- **Task**
Reproduce the whole listing exactly and let no picture into the copy.
━━━━━ Data excerpt
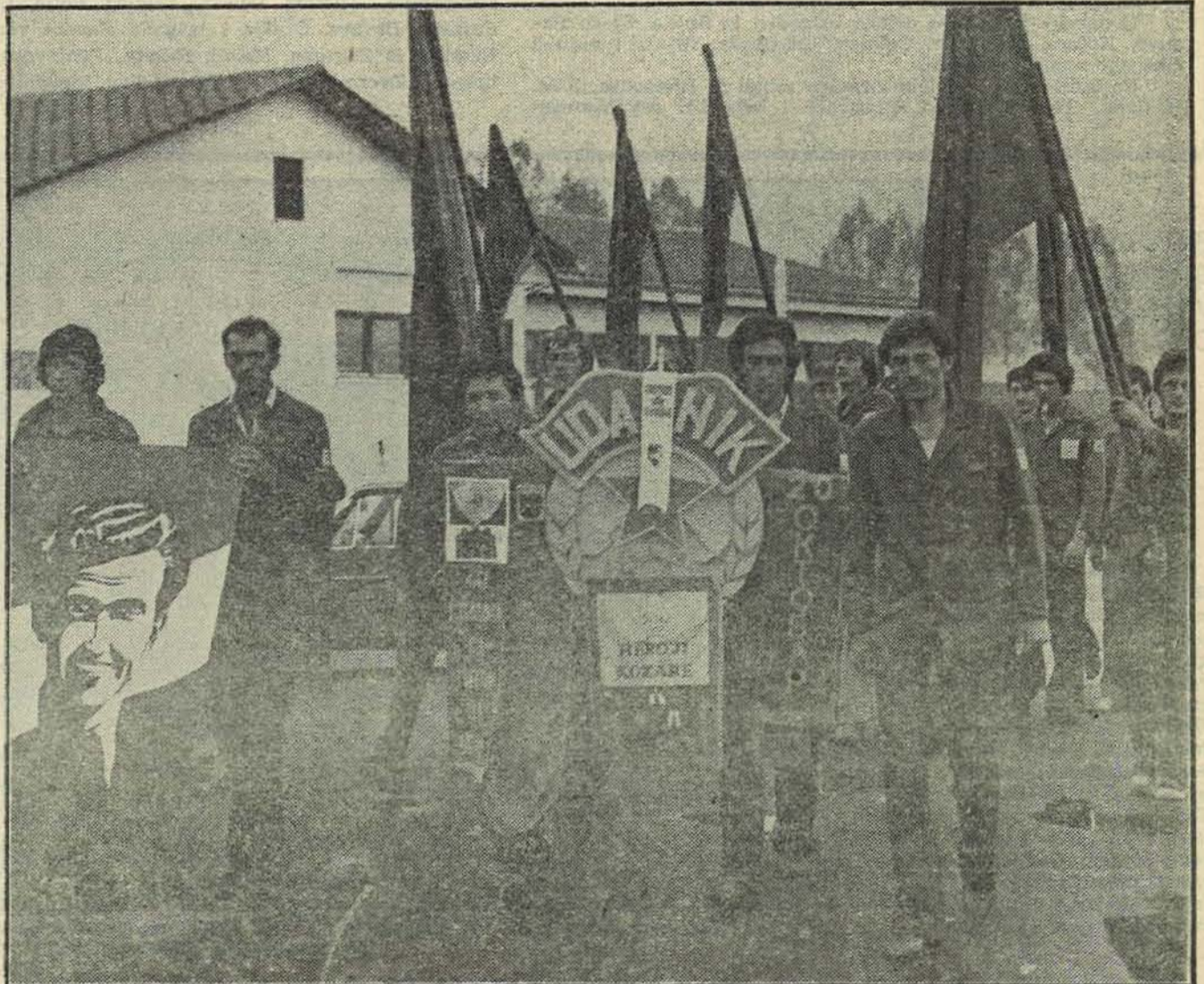
Svečani defile brigada u Žepču, prva i najbolja brigada »Ivo Lola Ribar« iz Dervente

Učesnici druge smjene ORA »Šamac-Sarajevo 78«
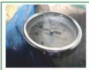
ອຸນຫະພູມບໍ່ໃຫ້ເກີນ 45 ອົງສາ
━━━━━━━━━━
- **Response to the task**
Svečani defile brigada u Žepču, prva i najbolja brigada »Ivo Lola Ribar« iz Dervente

Učesnici druge smjene ORA »Šamac-Sarajevo 78«
ອຸນຫະພູມບໍ່ໃຫ້ເກີນ 45 ອົງສາ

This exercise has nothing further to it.